**PROBLEM:** Find the line with "I've included these" in the records below. Copy it and every line after it, up to and including the line with "Cette carte postale".
(SUPPLIED MATERIAL Opens)
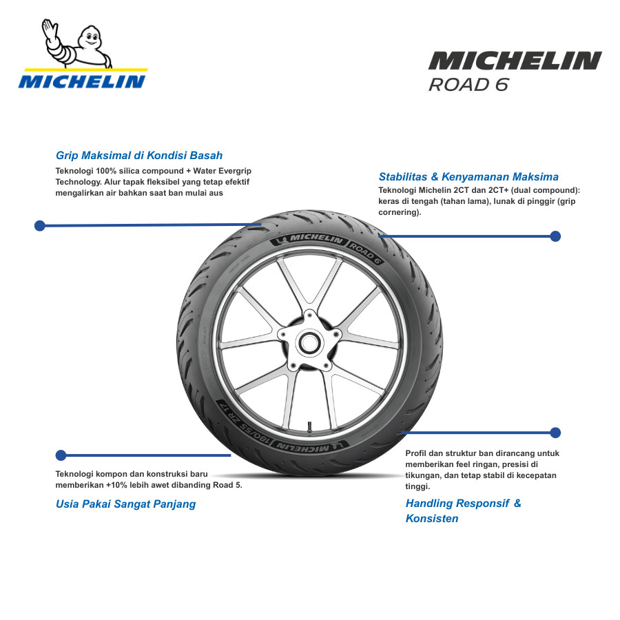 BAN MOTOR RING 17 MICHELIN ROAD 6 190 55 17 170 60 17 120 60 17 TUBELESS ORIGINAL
(SUPPLIED MATERIAL Closes)
(SUPPLIED MATERIAL Opens)
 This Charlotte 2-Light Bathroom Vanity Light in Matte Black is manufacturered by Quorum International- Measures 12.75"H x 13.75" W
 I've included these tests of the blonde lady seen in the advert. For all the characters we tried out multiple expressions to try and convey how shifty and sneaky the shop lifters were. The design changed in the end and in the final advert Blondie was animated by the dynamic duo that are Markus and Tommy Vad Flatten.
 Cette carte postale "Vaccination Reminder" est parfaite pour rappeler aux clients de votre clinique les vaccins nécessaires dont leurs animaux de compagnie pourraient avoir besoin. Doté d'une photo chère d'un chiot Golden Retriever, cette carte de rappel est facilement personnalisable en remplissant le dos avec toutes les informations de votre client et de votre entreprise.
(SUPPLIED MATERIAL Closes)
**ANSWER FOR THE TASK:**
 I've included these tests of the blonde lady seen in the advert. For all the characters we tried out multiple expressions to try and convey how shifty and sneaky the shop lifters were. The design changed in the end and in the final advert Blondie was animated by the dynamic duo that are Markus and Tommy Vad Flatten.
 Cette carte postale "Vaccination Reminder" est parfaite pour rappeler aux clients de votre clinique les vaccins nécessaires dont leurs animaux de compagnie pourraient avoir besoin. Doté d'une photo chère d'un chiot Golden Retriever, cette carte de rappel est facilement personnalisable en remplissant le dos avec toutes les informations de votre client et de votre entreprise.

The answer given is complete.